Author: 
Barbara Ferguson | Arab News
Publication Date: 
Sat, 2009-02-07 03:00

WASHINGTON: A military judge in Guantanamo Bay dismissed all charges against Saudi national Abd Al-Rahim Al-Nashiri, accused of being a senior Al-Qaeda conspirator.

Al-Nashiri is accused of plotting the attack on the USS Cole that killed 17 US sailors in the Yemeni port city of Aden in 2000.

Judge Susan Crawford’s ruling brings the case into compliance with an order US President Barack Obama issued in his first week in office to suspend Guantanamo cases. The Obama administration could reinstate charges against Al-Nashiri at a later date.

The move avoided a showdown between the US military and Obama. It canceled a hearing that had been set for Monday in the Guantanamo war crimes court despite the fact Obama had ordered a freeze in proceedings there. Had the trial continued in defiance of Obama’s request, reinstatement of charges may not have been possible.

If the case had proceeded against Al-Nashiri, a guilty plea could have boxed in the administration. The legal principle of double jeopardy would apply, and it would have been very difficult to move his case to another court, according to defense attorneys.

The tactic was also used by the Bush administration when it wanted to stop various proceedings at Guantanamo. The Pentagon under Bush dismissed without prejudice charges in six cases and reinstated them later in three of those cases. Al-Nashiri’s case presents especially difficult problems for the Obama administration because he is one of three detainees held at Guantanamo who the CIA has admitted were subjected to waterboarding while in secret detention.

In response to Obama’s decision to close down the Guantanamo prison camp, Military Families United began circulating a pledge on Capitol Hill that asks members of Congress to reject the administration’s efforts to relocate any war-on-terrorism detainees to their districts.

Obama’s order instructs Attorney General Eric Holder to lead an oversight effort that figures out which detainees could be sent overseas, and which could be brought to the United States for trials.
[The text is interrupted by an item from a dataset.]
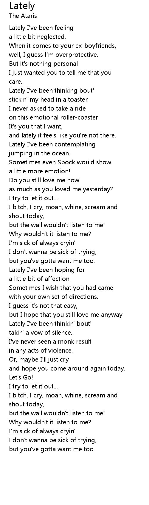 Lately I've been feeling |

Also, newspapers reported yesterday that three senior Pentagon officials hired by the Bush administration to oversee detainee policy at Guantanamo Bay remain on the job despite Obama’s order to reverse course.

The Bush appointees’ ongoing influence over one of Obama’s first and most sensitive national security decisions raises questions by critics — within and outside the Pentagon — about whether those who championed the controversial Guantanamo military court system can now be depended upon to help shut it down.
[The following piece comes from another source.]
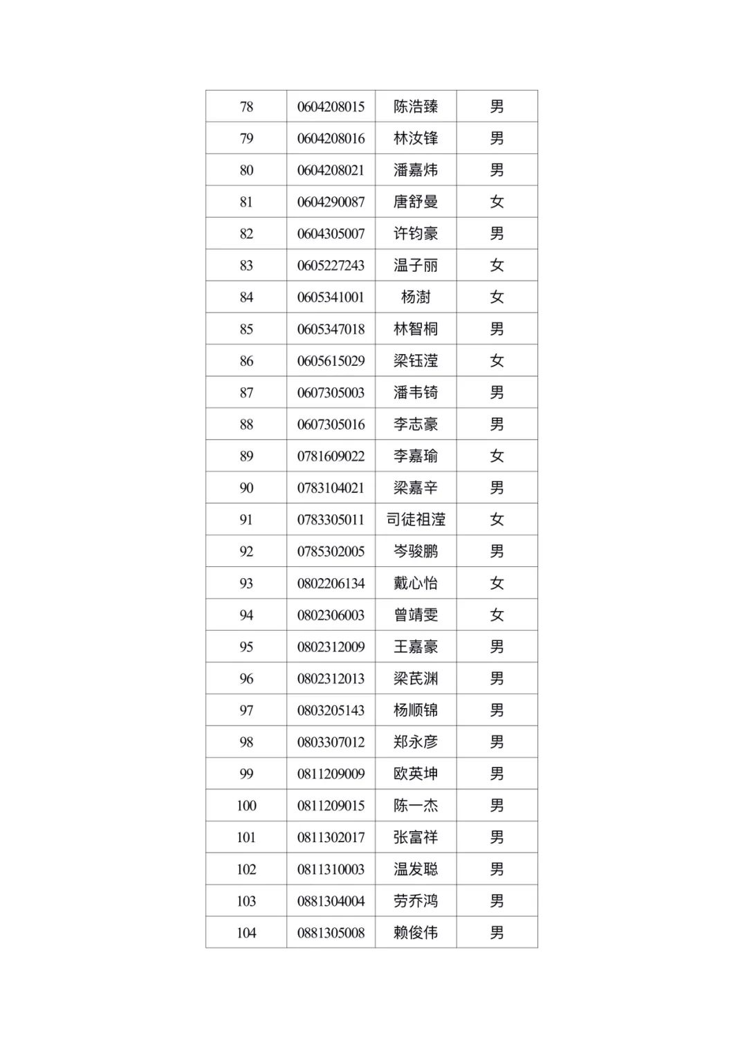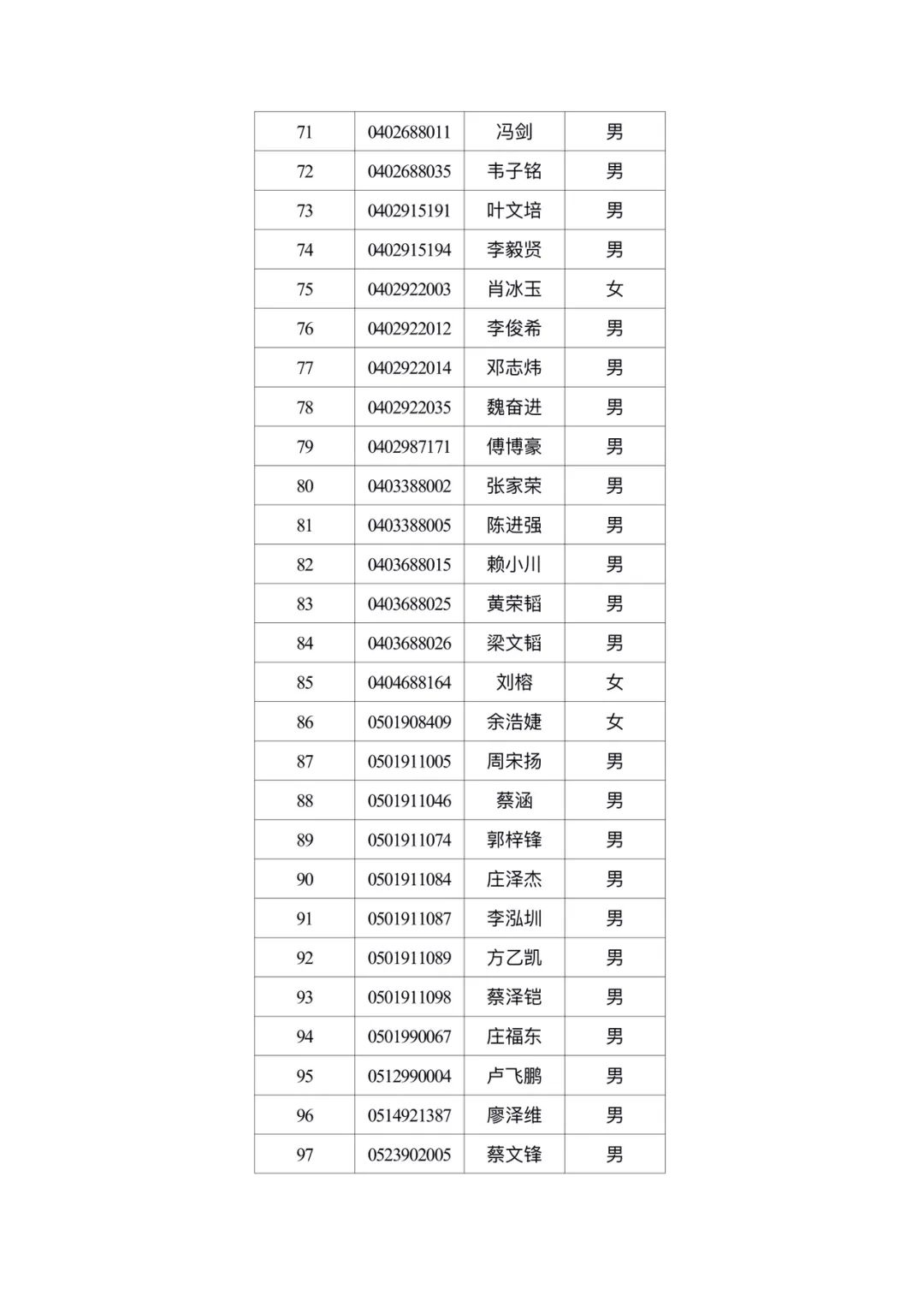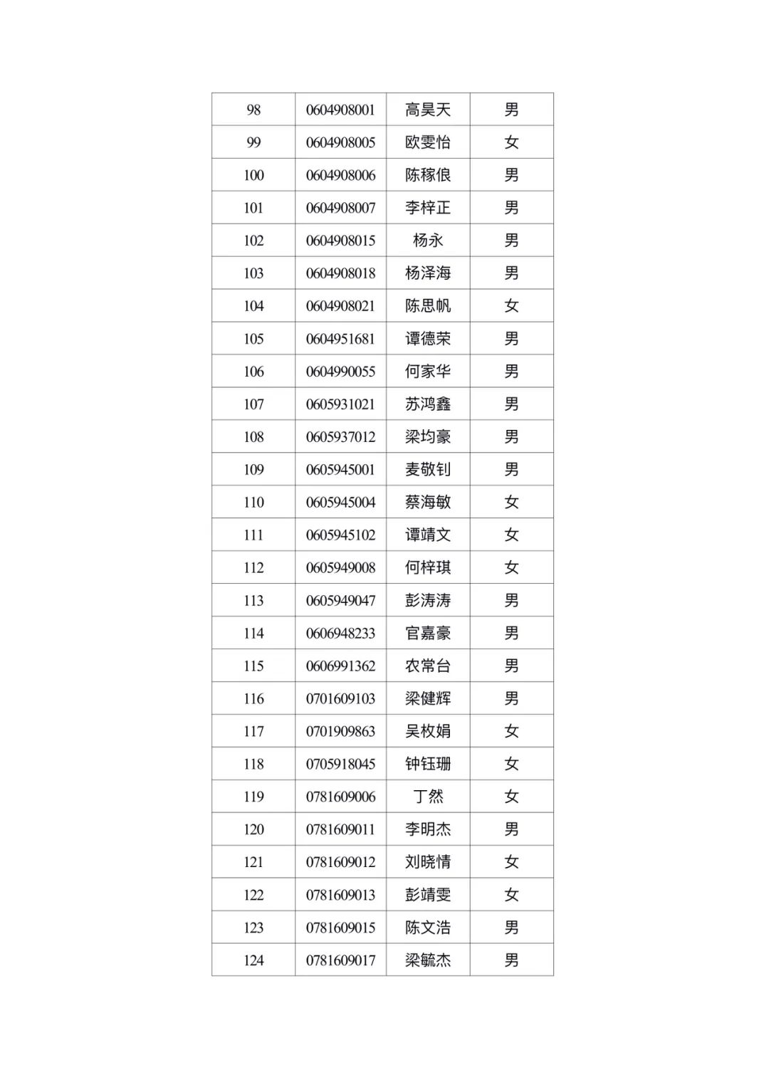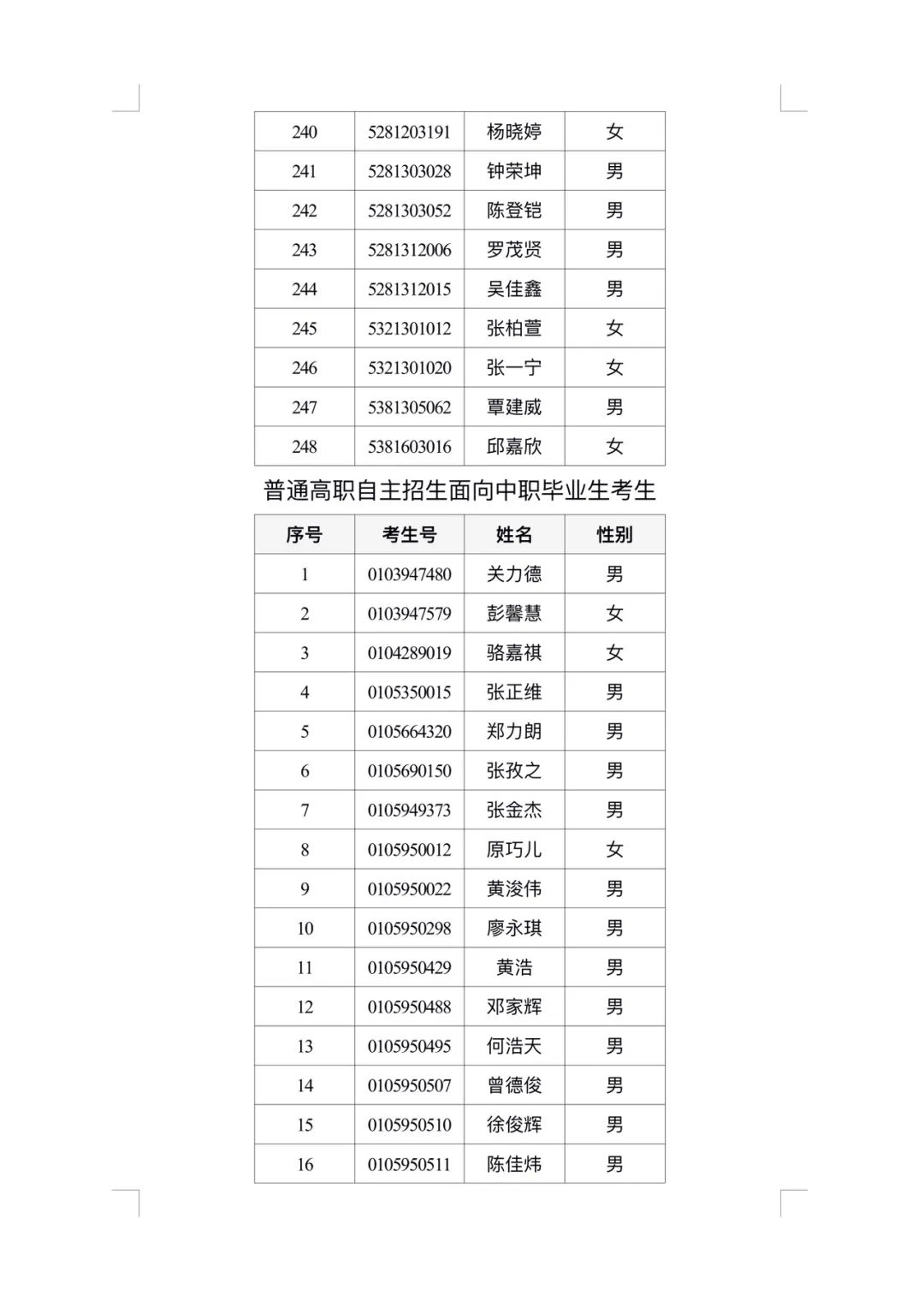 附件2:广州体育职业技术学院2024年自主招生免试通过名单公示 广州体育职业技术学院招生办2024年5月13日

Until Thursday, the senior judge in charge of terrorist trials at Guantanamo had stalled in enforcing Obama’s demand to halt all court proceedings for the estimated 245 terror suspects held there. Crawford is a Bush political appointee.

Two other officials, working in the Pentagon’s detainee policy office, have been shunted into civil service jobs. As a result, they cannot be summarily fired because of the change in presidential administrations.